Scott Meyers <Usenet@aristeia.com> writes:

| I hate it when I find out that I don't understand things I thought I
| understood.
|
| Suppose we have a class Rational and we want to support mixed-type
| multiplication between Rationals and ints. To get the necesary implicit
| type conversions, we declare operator* a non-member friend of Rational, and
| everything works. This is old news. My compilers tell me it's still true.
| I'm pleased about that.
|
| If we templatize Rational, we can do the same thing, as long as we remember
| to define operator* inside Rational.

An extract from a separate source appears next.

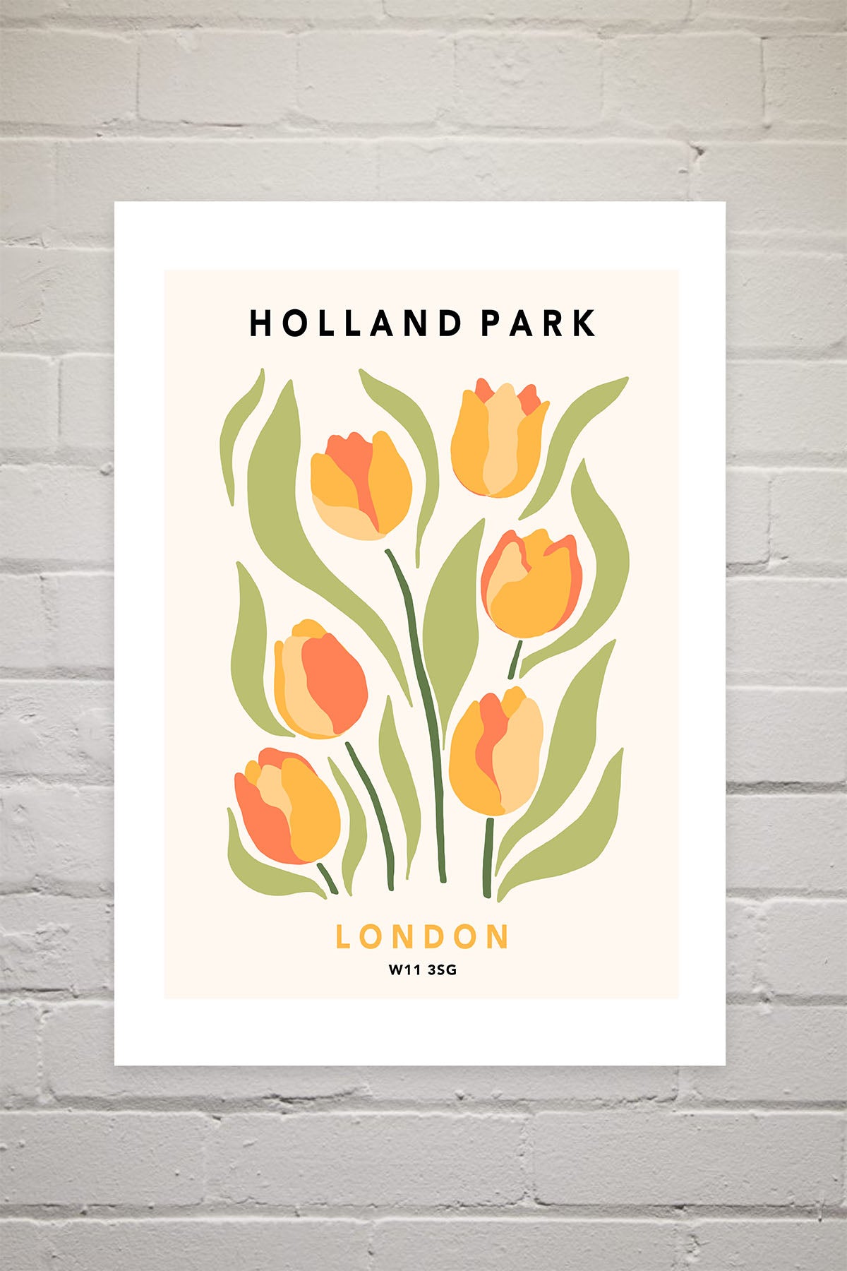 Celebrate London's Holland Park with this beautifully illustrative tulip print.
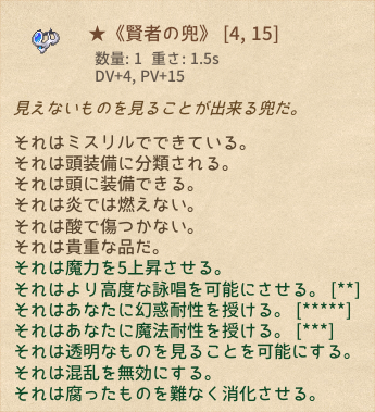 | 眩しい兜 | ★《賢者の兜》 | 頭装備 | 43 | 1 | マウスホバーで性能表示*18 |

For example, this will compile and
| link on the three compilers I'm using here (VC7.1, gcc 3.4.2, and Comeau
| 4.3.3). (It won't actually do anything, but all I care about right now is
| compiling and linking.)
|
| template<typename T>
| class Rational1 {
| public:
| Rational1(T num = 1, T denom = 0) {}
|
| friend const Rational1 operator*(const Rational1&, const Rational1&)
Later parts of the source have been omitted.